▸ **Problem**:
Start to finish, retype the entries exactly while omitting the pictures.

(Stored items)

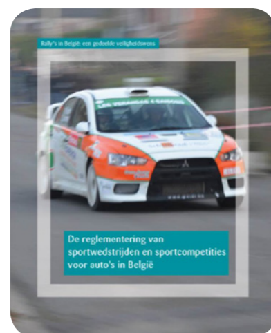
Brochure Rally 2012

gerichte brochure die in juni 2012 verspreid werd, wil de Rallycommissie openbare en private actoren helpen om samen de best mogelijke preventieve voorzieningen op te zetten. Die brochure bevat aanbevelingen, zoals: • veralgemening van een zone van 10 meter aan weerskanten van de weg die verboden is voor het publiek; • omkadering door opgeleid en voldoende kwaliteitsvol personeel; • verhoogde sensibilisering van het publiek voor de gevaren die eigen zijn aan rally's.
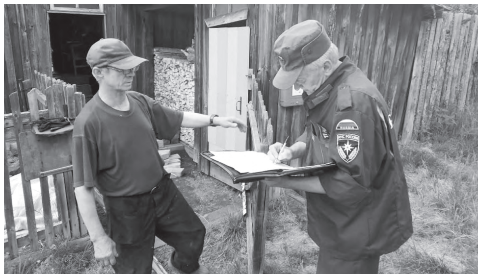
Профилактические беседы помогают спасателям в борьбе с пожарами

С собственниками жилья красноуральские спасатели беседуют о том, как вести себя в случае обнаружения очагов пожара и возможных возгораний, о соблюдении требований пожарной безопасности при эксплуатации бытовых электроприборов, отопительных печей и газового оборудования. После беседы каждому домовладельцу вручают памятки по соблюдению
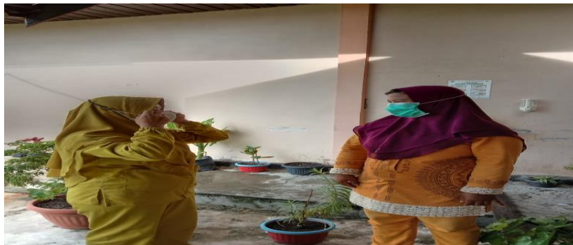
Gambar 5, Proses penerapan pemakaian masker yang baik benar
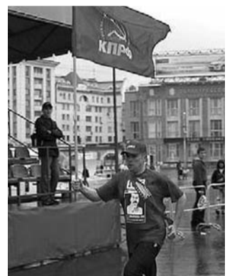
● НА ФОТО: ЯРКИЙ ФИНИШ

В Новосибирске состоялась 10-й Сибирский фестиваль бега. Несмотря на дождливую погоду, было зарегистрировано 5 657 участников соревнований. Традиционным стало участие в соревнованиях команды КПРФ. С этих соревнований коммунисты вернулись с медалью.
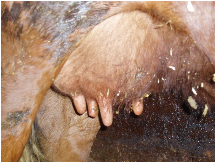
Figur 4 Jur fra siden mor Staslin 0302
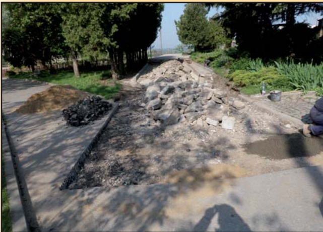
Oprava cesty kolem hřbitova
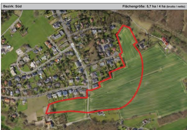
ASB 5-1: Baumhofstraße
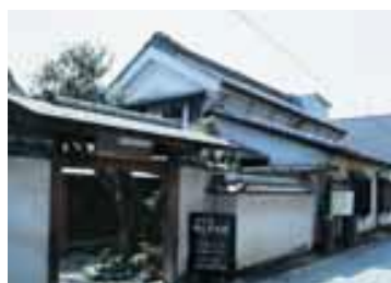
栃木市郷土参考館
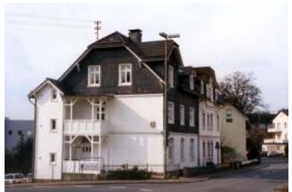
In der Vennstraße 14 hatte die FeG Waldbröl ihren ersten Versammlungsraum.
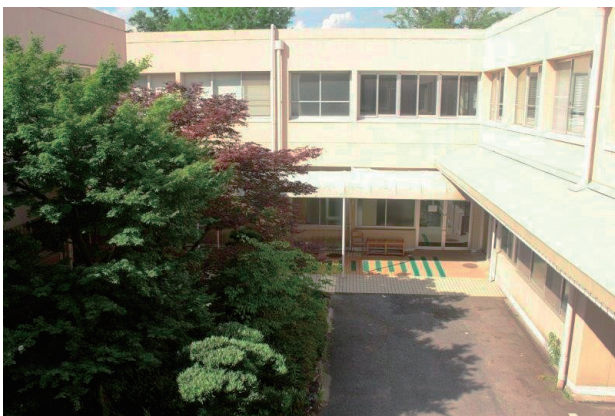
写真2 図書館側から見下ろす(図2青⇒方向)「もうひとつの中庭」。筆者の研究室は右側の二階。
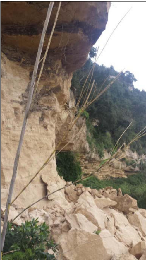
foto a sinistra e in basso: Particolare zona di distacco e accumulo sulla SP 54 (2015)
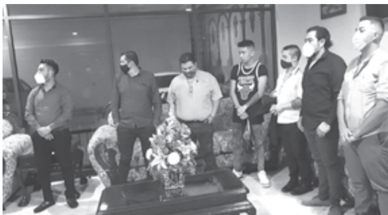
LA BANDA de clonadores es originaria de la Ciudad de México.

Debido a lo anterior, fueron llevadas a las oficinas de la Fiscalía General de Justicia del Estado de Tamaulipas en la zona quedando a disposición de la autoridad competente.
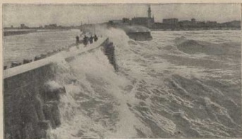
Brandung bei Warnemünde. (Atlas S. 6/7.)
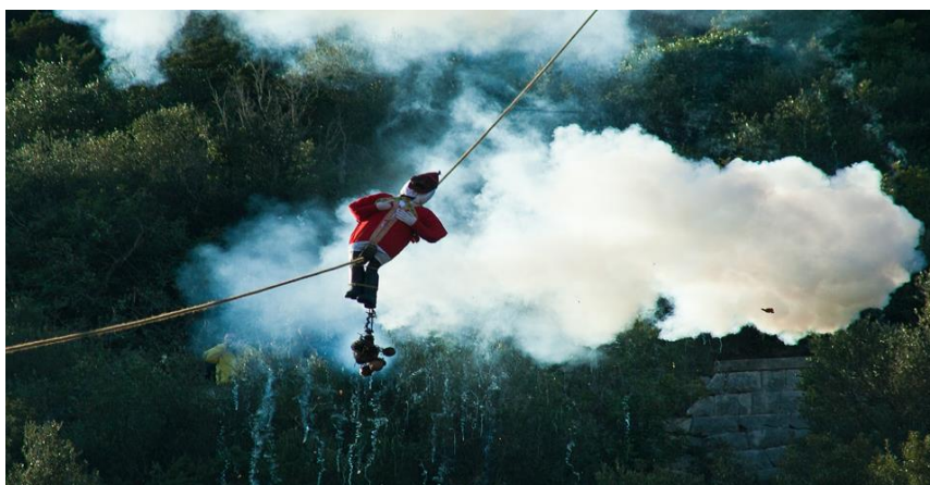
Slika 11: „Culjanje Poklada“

▸ **Written reply**:
Brochure Rally 2012

gerichte brochure die in juni 2012 verspreid werd, wil de Rallycommissie openbare en private actoren helpen om samen de best mogelijke preventieve voorzieningen op te zetten. Die brochure bevat aanbevelingen, zoals: • veralgemening van een zone van 10 meter aan weerskanten van de weg die verboden is voor het publiek; • omkadering door opgeleid en voldoende kwaliteitsvol personeel; • verhoogde sensibilisering van het publiek voor de gevaren die eigen zijn aan rally's.
Профилактические беседы помогают спасателям в борьбе с пожарами

С собственниками жилья красноуральские спасатели беседуют о том, как вести себя в случае обнаружения очагов пожара и возможных возгораний, о соблюдении требований пожарной безопасности при эксплуатации бытовых электроприборов, отопительных печей и газового оборудования. После беседы каждому домовладельцу вручают памятки по соблюдению
Gambar 5, Proses penerapan pemakaian masker yang baik benar
● НА ФОТО: ЯРКИЙ ФИНИШ

В Новосибирске состоялась 10-й Сибирский фестиваль бега. Несмотря на дождливую погоду, было зарегистрировано 5 657 участников соревнований. Традиционным стало участие в соревнованиях команды КПРФ. С этих соревнований коммунисты вернулись с медалью.
Figur 4 Jur fra siden mor Staslin 0302
Oprava cesty kolem hřbitova
ASB 5-1: Baumhofstraße
栃木市郷土参考館
In der Vennstraße 14 hatte die FeG Waldbröl ihren ersten Versammlungsraum.
写真2 図書館側から見下ろす(図2青⇒方向)「もうひとつの中庭」。筆者の研究室は右側の二階。
foto a sinistra e in basso: Particolare zona di distacco e accumulo sulla SP 54 (2015)
LA BANDA de clonadores es originaria de la Ciudad de México.

Debido a lo anterior, fueron llevadas a las oficinas de la Fiscalía General de Justicia del Estado de Tamaulipas en la zona quedando a disposición de la autoridad competente.
Brandung bei Warnemünde. (Atlas S. 6/7.)
Slika 11: „Culjanje Poklada“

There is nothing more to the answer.